● **Problem requirements**
When you transcribe the listing that follows, keep every line exact and skip any picture.

● **Given data**
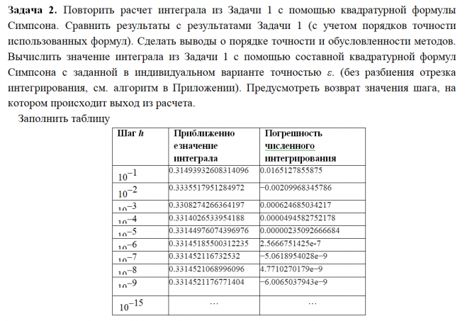 Цель работы. Применить на практике простейшие численные методы вычисления интегралов и производных. Исследовать поведение погрешности методов при измельчении шага.Познакомиться с понятиями порядка точности и обусловленности (плохой/хорошей) задачи и их отражением в расчетах. Вычислить определенный интеграл с заданной точностью.
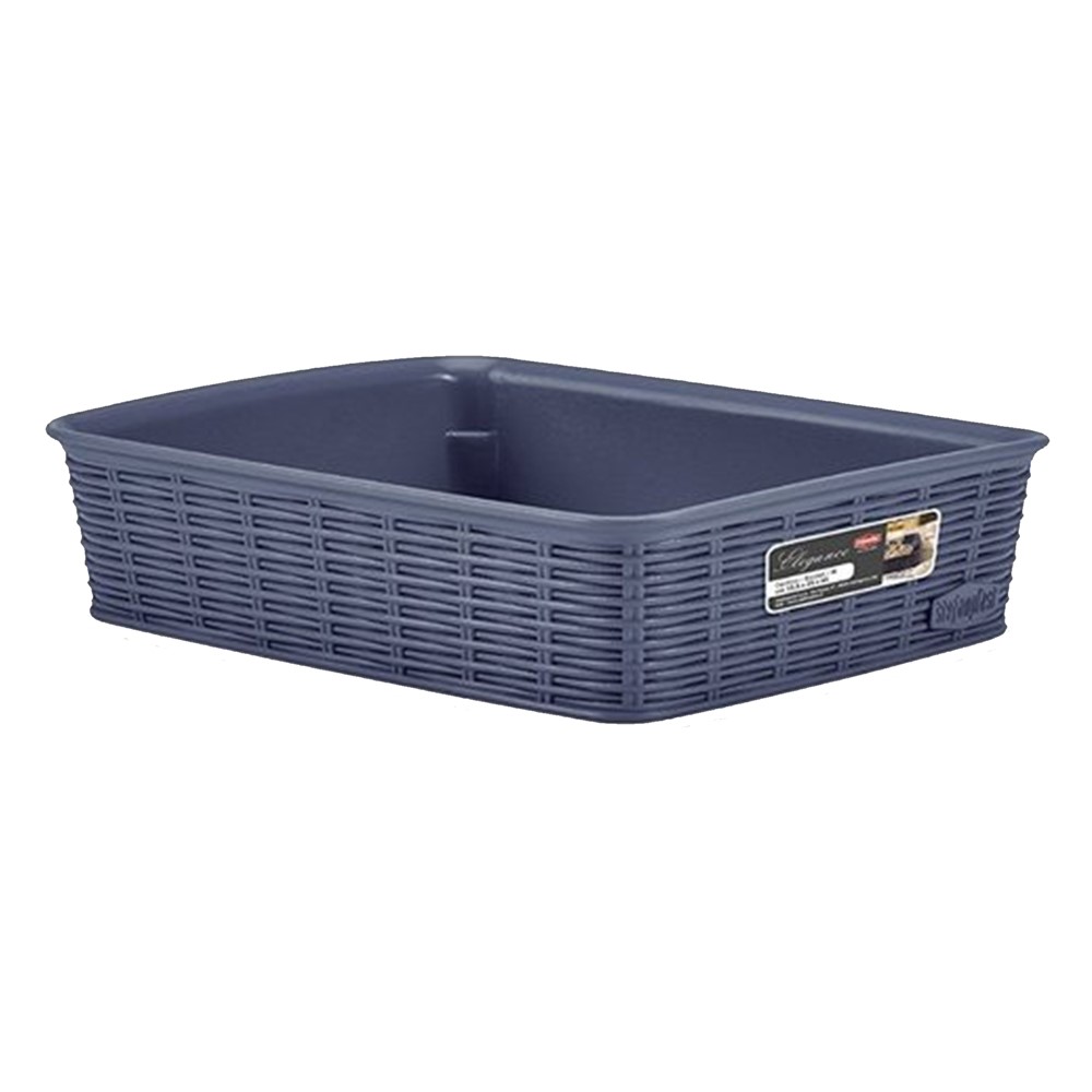 The rectangular basket from the Elegance line, in blue navy color and measuring 25x19.5xH6 cm fits in the bathroom, in the living room or in the kitchen. The basket is an excellent alternative to wicker baskets, which means it has a plastic material, to give the idea of knitting but with a simple and smooth structure. This modern design combined with utility values makes the basket fit perfectly into the arrangement of any interior space.
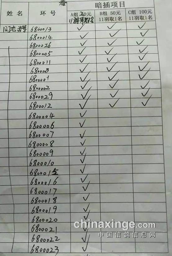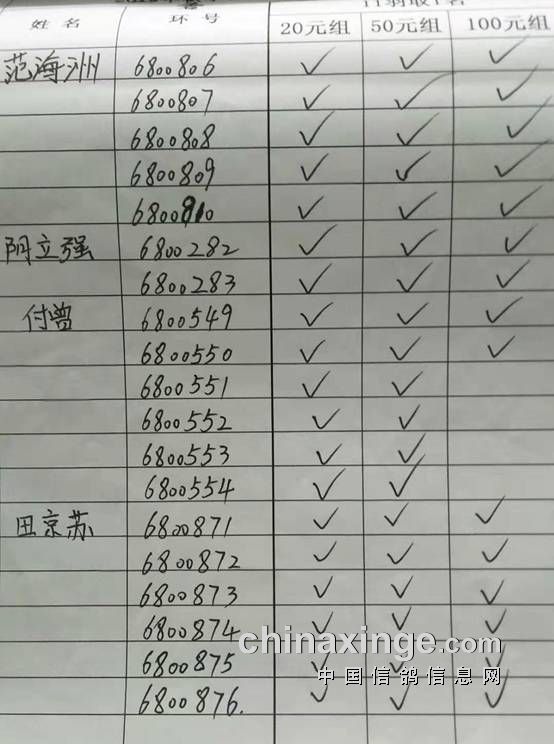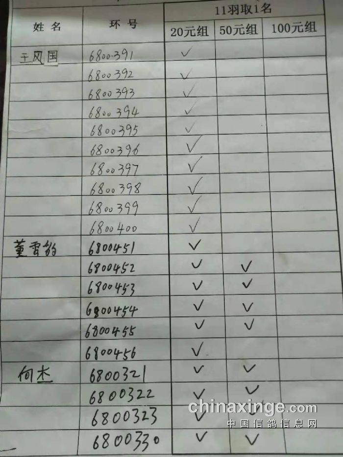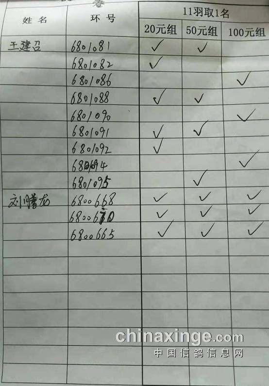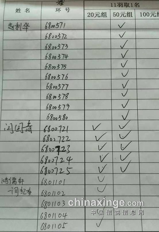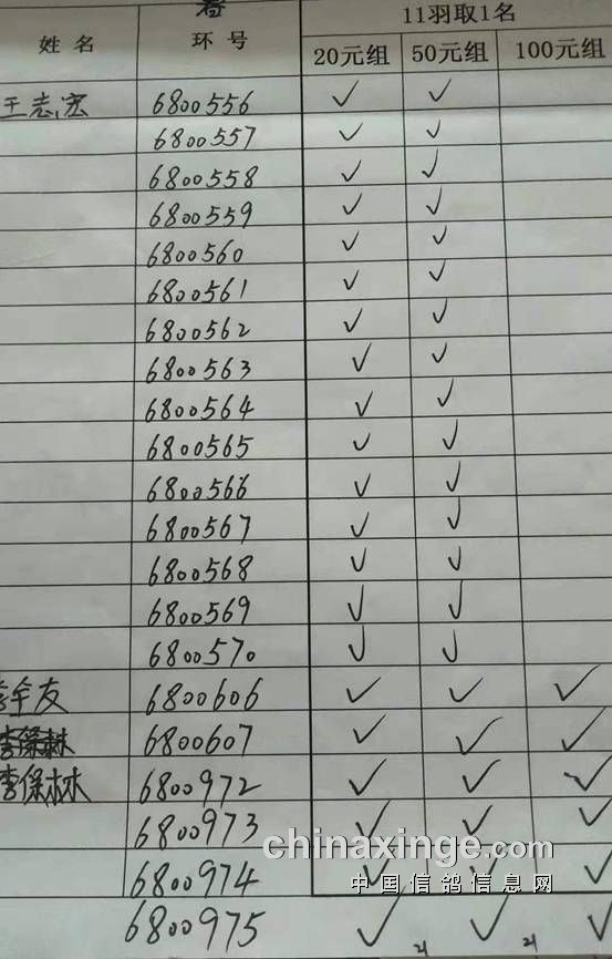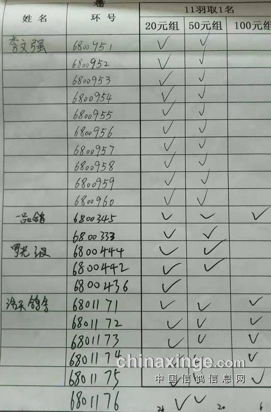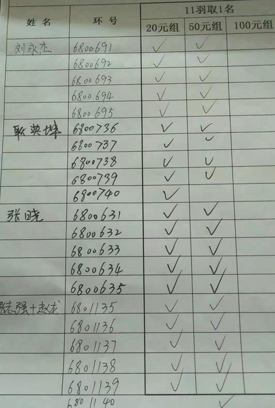 50元组共指定135羽,取前13名,冠军—12名各500元,13名135元

● **Output for this task**
 Цель работы. Применить на практике простейшие численные методы вычисления интегралов и производных. Исследовать поведение погрешности методов при измельчении шага.Познакомиться с понятиями порядка точности и обусловленности (плохой/хорошей) задачи и их отражением в расчетах. Вычислить определенный интеграл с заданной точностью.
 The rectangular basket from the Elegance line, in blue navy color and measuring 25x19.5xH6 cm fits in the bathroom, in the living room or in the kitchen. The basket is an excellent alternative to wicker baskets, which means it has a plastic material, to give the idea of knitting but with a simple and smooth structure. This modern design combined with utility values makes the basket fit perfectly into the arrangement of any interior space.
 50元组共指定135羽,取前13名,冠军—12名各500元,13名135元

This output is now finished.